Vip, short for vasoactive intestinal peptide, is a 28-amino-acid peptide belonging to a peptide family with members like glucagon, secretin, etc. It functions as a neurotransmitter, neuromodulator, and secretagog, regulating various physiological processes such as brain activity, neuroendocrine functions, cardiac activity, respiration, digestion, and sexual potency. It exerts its function via receptor-mediated systems, activating signal transduction pathways like cAMP [1].

Vip also plays roles in many other biological aspects. In rodent embryonic growth, extraembryonic-produced Vip may regulate early post-implantation development [2]. In the hippocampus, it controls GABAergic transmission and pyramidal cell activity, influencing synaptic plasticity and learning and memory processes [3]. In the CNS, Vip stimulates neuronal proliferation and differentiation during development, and in cancer cells, it promotes proliferation [4]. In allergic diseases, Vip secreted by neuronal and immune cells has immunological functions [5]. In asthma treatment, delivery systems carrying Vip show potential [6]. In the cortex, upper and deeper layer Vip + interneurons have transcriptional differences [7], and in the motor cortex, Vip interneurons have synapse-type-specific plasticity learning rules which may be harnessed to control epilepsy-related neuropathologies [8]. In the hypothalamic suprachiasmatic nucleus, Vip-neurons regulate blood glucose level through sympathetic activity enhancement [9].
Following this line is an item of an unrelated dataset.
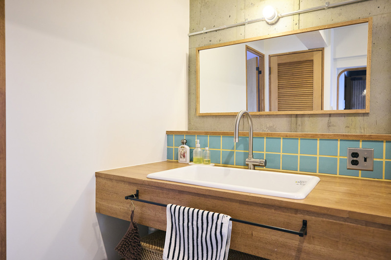 二人で並んで使える広めの洗面台。洗い物もしやすい、大きめの実験用シンクに、キッチンで使われるホースタイプの水栓を合わせて。

In conclusion, Vip is crucial in multiple biological processes, from embryonic development to neural function, immune regulation, and glucose metabolism. Studies on Vip, especially through in vivo models, contribute to understanding its role in various disease areas such as epilepsy, allergic diseases, and metabolic disorders, providing potential directions for disease treatment and prevention.